AMD recently met with criticism from Intel for not being honest about its upcoming Turin CPUs. Its Zen 5 PC CPUs were recently criticized for poor performance gains.
Benchmarks are tricky, but they are best taken with a grain of salt. However, the company’s software ecosystem is nowhere near the CUDA stack established by Nvidia.
AMD has spent years developing ROCm, which is a standard set of tools, libraries, drivers, and compilers. But it is still in its early days.
“ROCm from a standpoint of features… we’ve gained a lot of confidence and learned a lot in that whole process,” Su said during the earnings call.

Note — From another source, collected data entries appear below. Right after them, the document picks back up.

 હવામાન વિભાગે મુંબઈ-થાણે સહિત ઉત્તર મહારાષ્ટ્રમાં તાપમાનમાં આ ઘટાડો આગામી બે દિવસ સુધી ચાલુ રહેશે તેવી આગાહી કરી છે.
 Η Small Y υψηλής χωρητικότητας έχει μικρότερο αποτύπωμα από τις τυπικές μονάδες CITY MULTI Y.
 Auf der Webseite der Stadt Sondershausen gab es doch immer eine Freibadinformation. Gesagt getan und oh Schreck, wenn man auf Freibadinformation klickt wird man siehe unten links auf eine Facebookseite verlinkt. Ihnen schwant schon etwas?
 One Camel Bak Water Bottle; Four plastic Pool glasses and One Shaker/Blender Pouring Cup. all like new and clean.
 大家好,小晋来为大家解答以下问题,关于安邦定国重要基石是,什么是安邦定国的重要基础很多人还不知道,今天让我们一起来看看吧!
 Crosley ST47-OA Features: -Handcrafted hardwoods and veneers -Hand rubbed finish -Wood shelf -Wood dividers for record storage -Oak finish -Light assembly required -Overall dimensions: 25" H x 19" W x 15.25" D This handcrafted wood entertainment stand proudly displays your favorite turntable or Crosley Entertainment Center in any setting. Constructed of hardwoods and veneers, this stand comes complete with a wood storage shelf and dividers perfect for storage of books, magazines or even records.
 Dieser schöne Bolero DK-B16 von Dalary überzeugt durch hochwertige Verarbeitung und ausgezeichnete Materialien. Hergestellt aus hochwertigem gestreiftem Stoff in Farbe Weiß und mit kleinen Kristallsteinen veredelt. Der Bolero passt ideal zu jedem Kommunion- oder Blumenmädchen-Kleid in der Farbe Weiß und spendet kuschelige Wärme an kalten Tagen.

AMD executives at many conferences repeat the same line on ROCm, meaning it has been a work in progress for years.
AMD is still stuck at the programming level and is behind UXL Foundation’s parallel programming framework, which is based on OneAPI.
However, ROCm’s open nature meets AMD’s goal of being able to work with workloads. The question is whether developers will adapt to ROCm.
ROCm vs CUDA
Nvidia is light years ahead of ROCm with CUDA, which has matured into computing programs and data sets. CUDA executables for major verticals include robotics, autonomous cars, healthcare, finance, and quantum computing.

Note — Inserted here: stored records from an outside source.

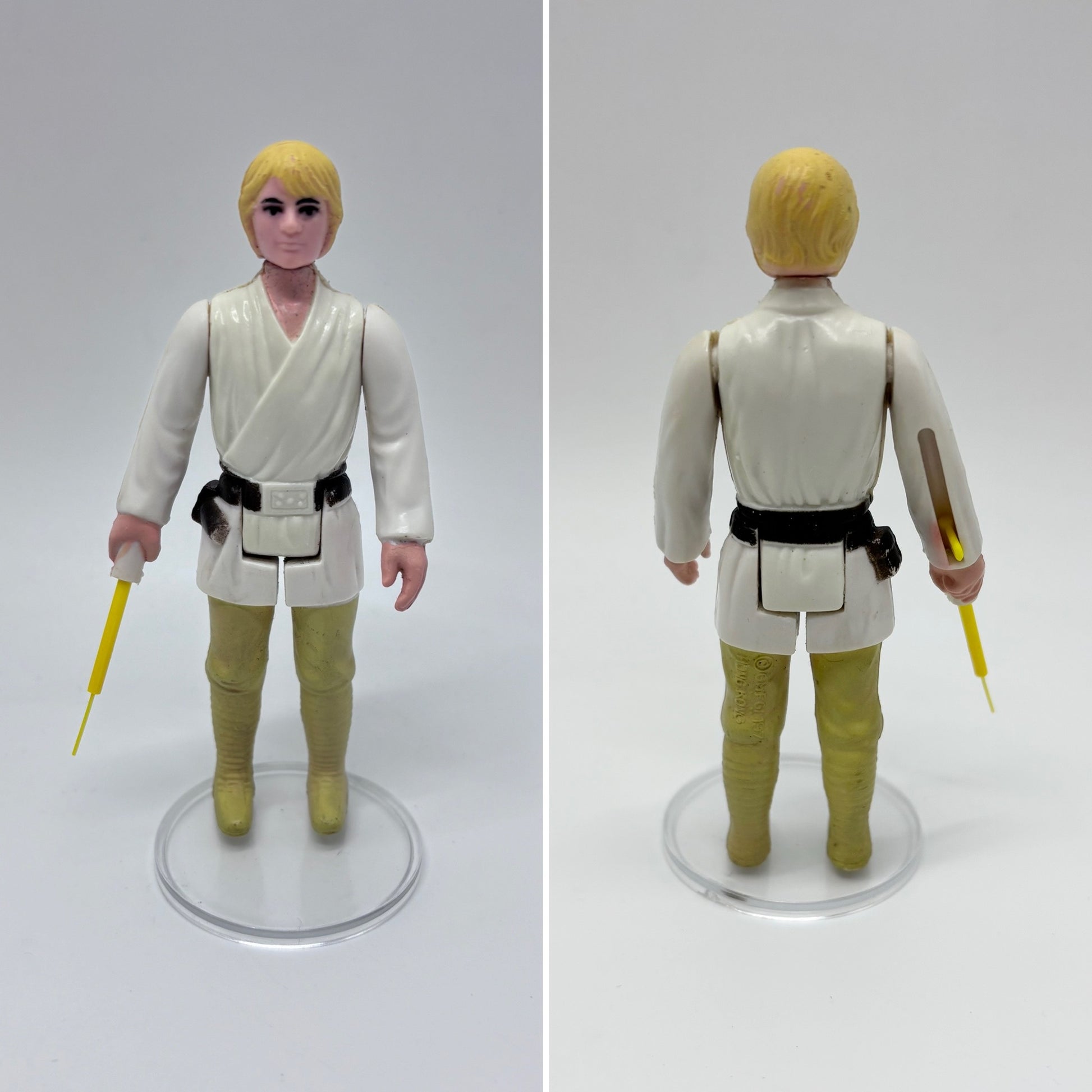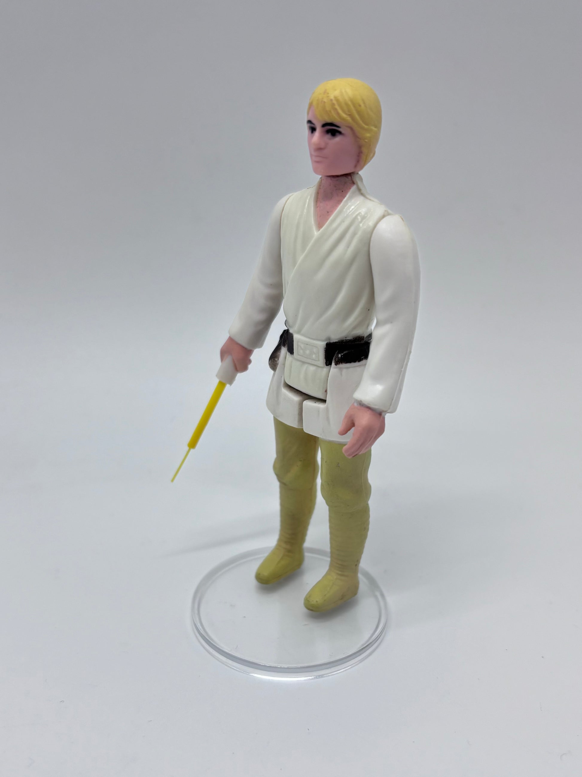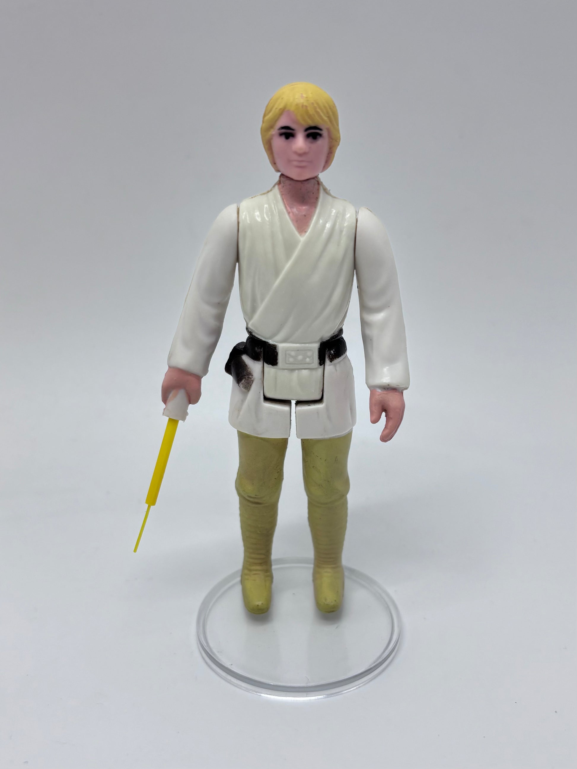 Farmboy Luke Skywalker complete vintage action figure made by Kenner. This figure is fully original and complete with the original accessory, not a reproduction. The limbs are still tight showing little play wear. One arm is slightly looser but still holds in place.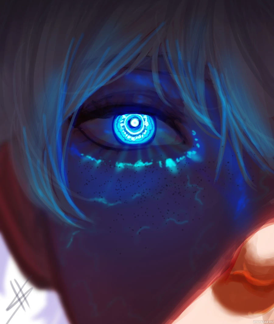 an animated character with blue hair and an eye that has a large, glowing blue orb within it. The character appears to be drawn in a style reminiscent of Japanese animation, commonly known as anime. There are also some small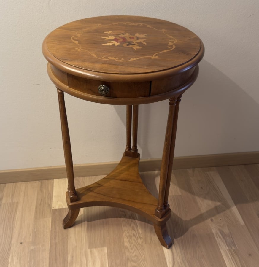 • Runder Italienischer Vintage Tisch mit Schublade, Intarsien Dm. 44cm H 71 cm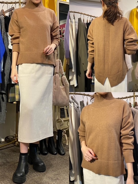 ニット¥4290 スカート¥10780✨ シンプルで着回し力抜群のハイネックニットは大特価の¥4290😳❣️ 後ろのデザインも可愛くておすすめです✨✨ スカートはウエストゴムで、おうちで手洗いOKなのでお手入れも楽ちん☺️ ニット¥4290 スカート¥10780 2021年12月4日

CUDA tools are being used to generate synthetic data that is not available in the real world. Those tools and others are wrapped into Nvidia’s AI Enterprise software.
But without a doubt, Nvidia’s CUDA is an expensive proposition. But it is also easier to deploy — customers just have to feed data and get the output. The technical difficulty of CUDA tools can be ramped up for those needing further customization.
AMD’s ROCm is complex, but it offers more flexibility on tools and the development of models. AMD is also backing open networking technologies.
“We’re working closely across our consortiums, with Ultra Ethernet Consortium, as well as the UA Link group, to ensure that we have very strong networking technologies that are industry standard,” Su said.
The Right Steps
AMD’s acquisition of ZT Systems is the latest in the line of strategic acquisitions to fill holes in the company.
AMD made interesting acquisitions to create its master AI plan. In 2022, AMD doled out $49 billion for Xilinx for FPGAs and software. AMD had the CPUs and GPUs, and Xilinx gave it the trifecta of FPGAs and ASICs.
The company also bought software companies Pensando Systems, Silo.AI, and Nod.
“The Silo team significantly expands our capability to service large enterprise customers looking to optimize their AI solutions for AMD hardware,” Su said on an earnings call.
The company will continue to look for strategic acquisitions.
“We’ll continue to look at how we aggressively add to our capabilities, and that’s on both an organic and inorganic basis,” Su said.